Start of Block
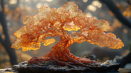 Intricate tree sculpture crafted from copper wire, featuring translucent, leaf-like structures and detailed root system on a dark base.
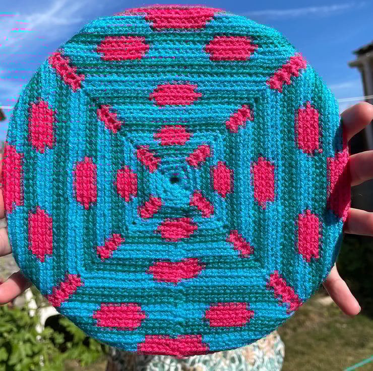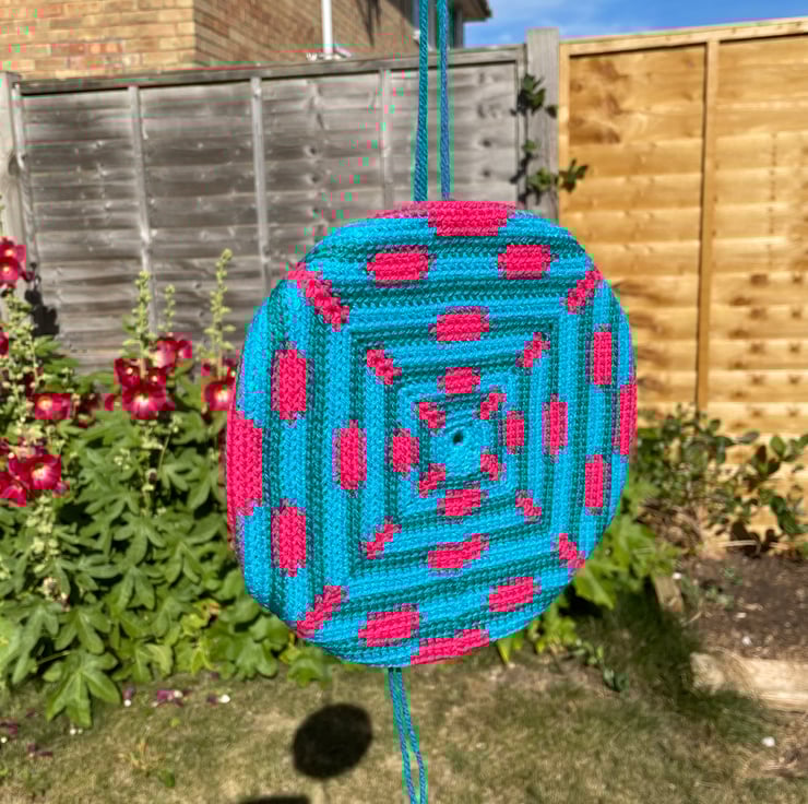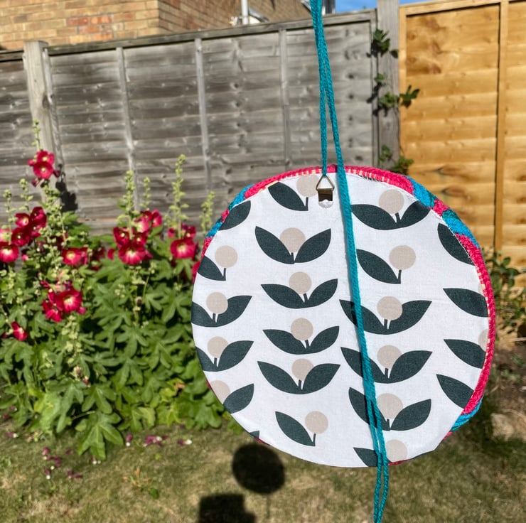 This crochet item has been sewn to a 20cm diameter hoop. I’ve then added a material covered, card backing with hanging hook.
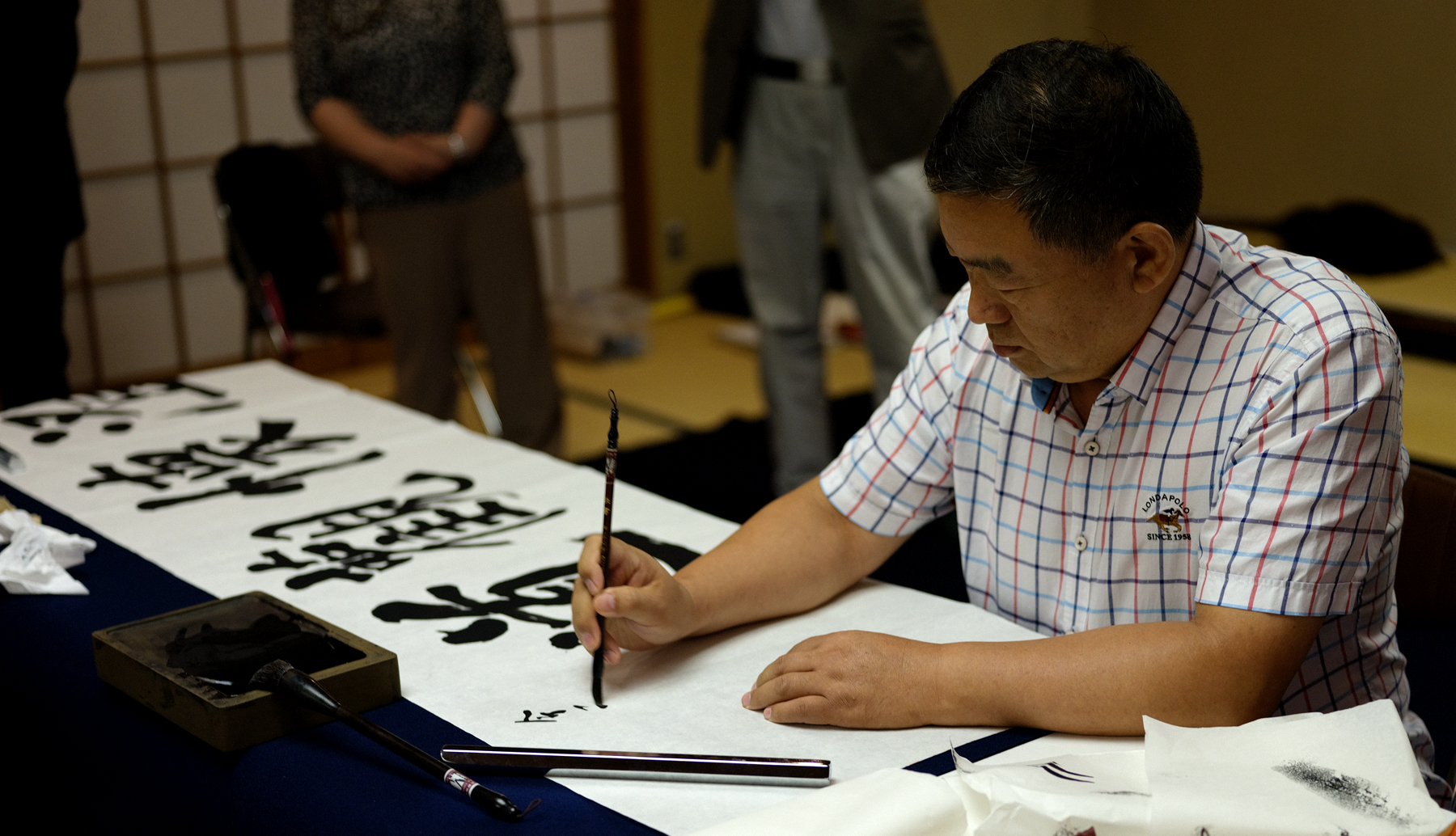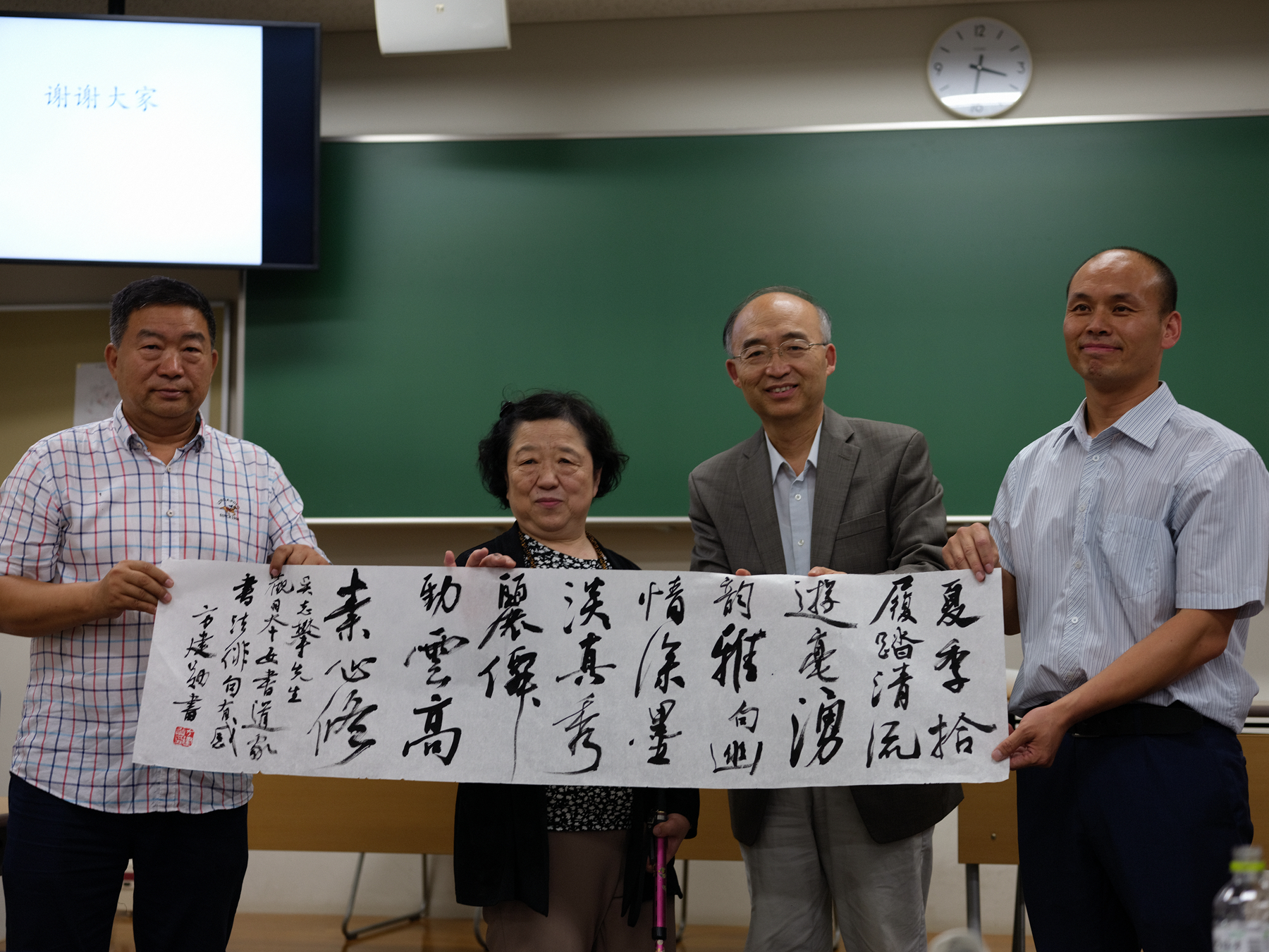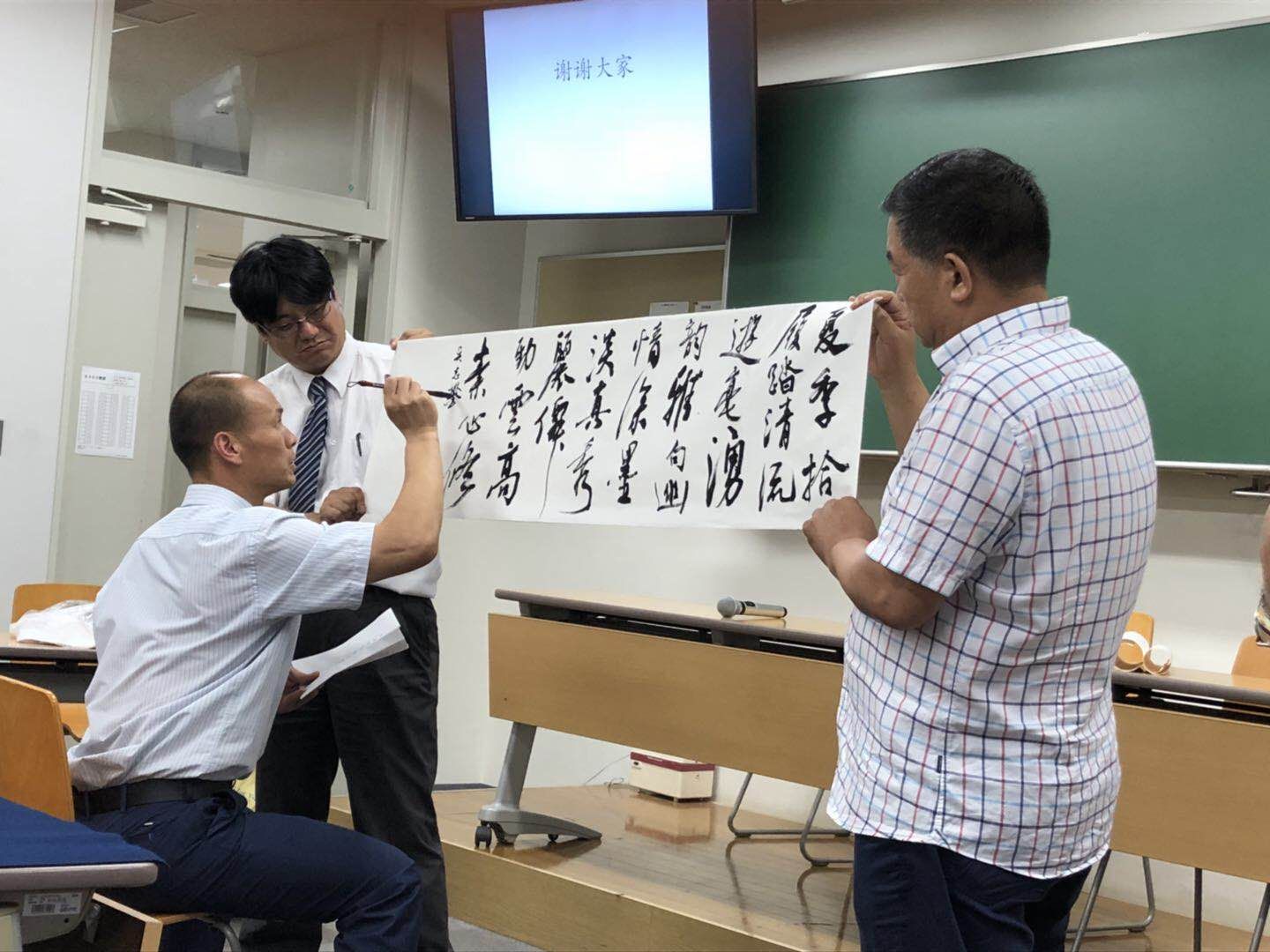 北京大学前常务副校长吴志攀教授现场赋诗,方建勋博士书写并赠武藏野大学书法教师新仓承子女士
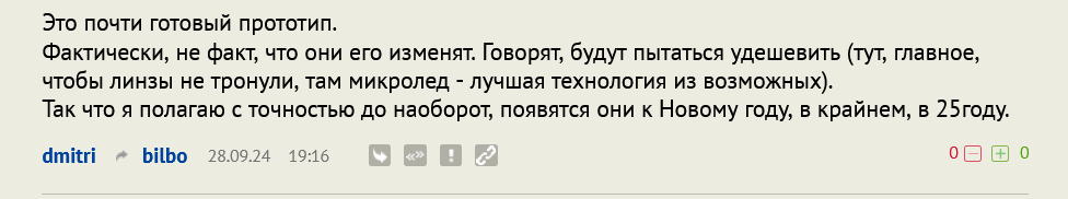 Так что я полагаю с точностью до наоборот, появятся они к Новому году, в крайнем, в 25году.
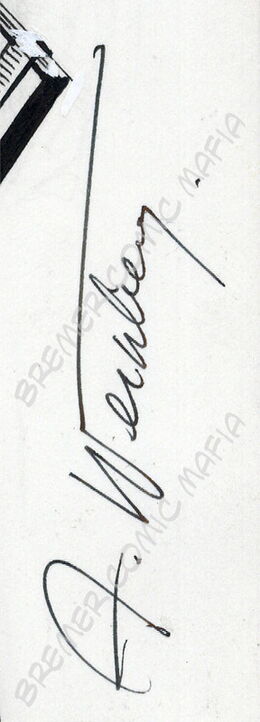 Le dessin en noir et blanc a été signé de la main d'Albert Weinberg à droite, à la hauteur du genou de Dan Cooper. La feuille de papier originale est protégée par un papier fin et semi-transparent.
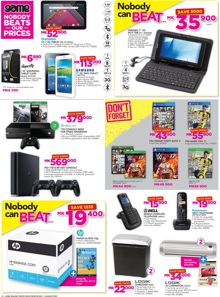 Game Malawi : Nobody Beats our Prices (26 July - 9 August 2017)
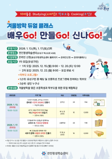 [뉴스다컴] 대전 유성구는 전민평생학습센터에서 1월 13일과 17일 양일간 초·중학생과 학부모를 위한 체험형 프로그램 ‘듀얼 클래스, 배우GO! 만들GO! 신나GO!’를 운영한다.
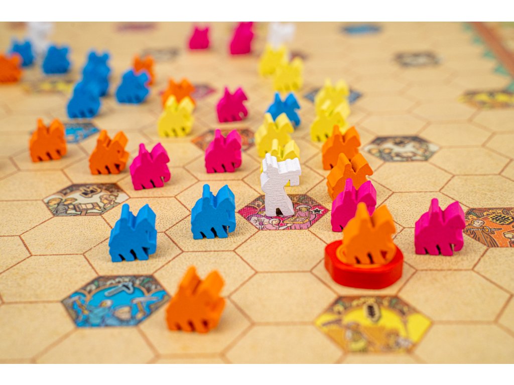 Players must decide between two competing strategies: build long chains of their envoys to achieve synergies and objectives, or establish smaller, separate groups of envoys to trigger timely town scoring. Both will award victory points, yet your victory points will mean nothing if you don’t also reach the end of your appointed success column.
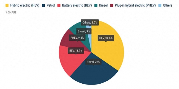 在动力类型的选择上,混合动力汽车(HEV)继续巩固其作为欧洲消费者首选的地位。
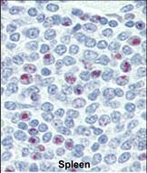 Formalin-fixed and paraffin-embedded human Spleen tissue reacted with NANOG Antibody (N-term)(Cat.#P33758), which was peroxidase-conjugated to the secondary antibody, followed by AEC staining. This data demonstrates the use of this antibody for immunohistochemistry; clinical relevance has not been evaluated.
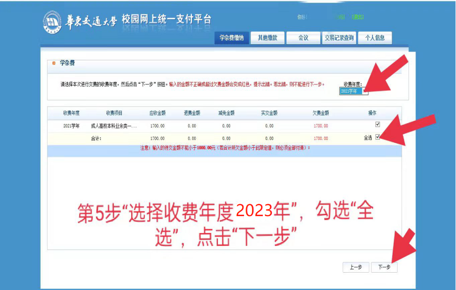 (一)账号登录:进入“华东交通大学网站”(http://www.ecjtu.jx.cn/),选择导航栏中的“校园服务”下的“统一支付平台http://zxjf.ecjtu.edu.cn/)”,登录“华东交通大学校园网上统一支付平台”(“用户名”为同学们的学号,“密码”为Hdjd@身份证号码后六位,新生第一次登录需填报手机号码,老生如手机号码有更改也需要重新填报),登录成功后,选择“学杂费缴费”,收费年度选择“2023年”,填写“缴费金额”(如:本科1700元、专科1400),确认无误后请按照提示完成缴费。
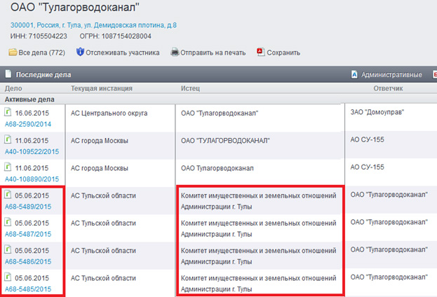 Список арбитражных дел ОАО «Тулагорводоканал»  на май 2015 года arb-02Источник: http://kad.arbitr.ru/SideCard/c468d1eb-8a03-4087-a785-0fe272f2488b
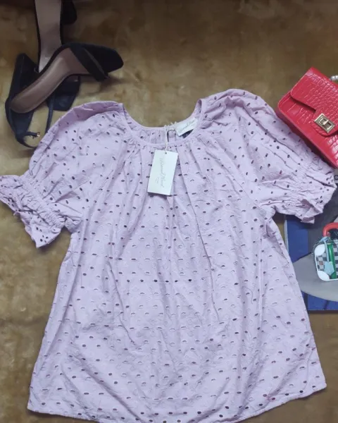LINDA BLUSA CLOR LILA CON MANGA TIPO GLOBLO Y HERMOSO ACABADO DE PAPEL PICADO, LIGERA Y CUELLO REDONDO▫️Marca: UNIVERSAL THREAD ▫️ TALLA: S
End of Block
(EXERCISE DIRECTIONS): All records above must be copied exactly, though the pictures they hold are to be left out.

(ANSWER AREA):
 Intricate tree sculpture crafted from copper wire, featuring translucent, leaf-like structures and detailed root system on a dark base.
 This crochet item has been sewn to a 20cm diameter hoop. I’ve then added a material covered, card backing with hanging hook.
 北京大学前常务副校长吴志攀教授现场赋诗,方建勋博士书写并赠武藏野大学书法教师新仓承子女士
 Так что я полагаю с точностью до наоборот, появятся они к Новому году, в крайнем, в 25году.
 Le dessin en noir et blanc a été signé de la main d'Albert Weinberg à droite, à la hauteur du genou de Dan Cooper. La feuille de papier originale est protégée par un papier fin et semi-transparent.
 Game Malawi : Nobody Beats our Prices (26 July - 9 August 2017)
 [뉴스다컴] 대전 유성구는 전민평생학습센터에서 1월 13일과 17일 양일간 초·중학생과 학부모를 위한 체험형 프로그램 ‘듀얼 클래스, 배우GO! 만들GO! 신나GO!’를 운영한다.
 Players must decide between two competing strategies: build long chains of their envoys to achieve synergies and objectives, or establish smaller, separate groups of envoys to trigger timely town scoring. Both will award victory points, yet your victory points will mean nothing if you don’t also reach the end of your appointed success column.
 在动力类型的选择上,混合动力汽车(HEV)继续巩固其作为欧洲消费者首选的地位。
 Formalin-fixed and paraffin-embedded human Spleen tissue reacted with NANOG Antibody (N-term)(Cat.#P33758), which was peroxidase-conjugated to the secondary antibody, followed by AEC staining. This data demonstrates the use of this antibody for immunohistochemistry; clinical relevance has not been evaluated.
 (一)账号登录:进入“华东交通大学网站”(http://www.ecjtu.jx.cn/),选择导航栏中的“校园服务”下的“统一支付平台http://zxjf.ecjtu.edu.cn/)”,登录“华东交通大学校园网上统一支付平台”(“用户名”为同学们的学号,“密码”为Hdjd@身份证号码后六位,新生第一次登录需填报手机号码,老生如手机号码有更改也需要重新填报),登录成功后,选择“学杂费缴费”,收费年度选择“2023年”,填写“缴费金额”(如:本科1700元、专科1400),确认无误后请按照提示完成缴费。
 Список арбитражных дел ОАО «Тулагорводоканал»  на май 2015 года arb-02Источник: http://kad.arbitr.ru/SideCard/c468d1eb-8a03-4087-a785-0fe272f2488b
LINDA BLUSA CLOR LILA CON MANGA TIPO GLOBLO Y HERMOSO ACABADO DE PAPEL PICADO, LIGERA Y CUELLO REDONDO▫️Marca: UNIVERSAL THREAD ▫️ TALLA: S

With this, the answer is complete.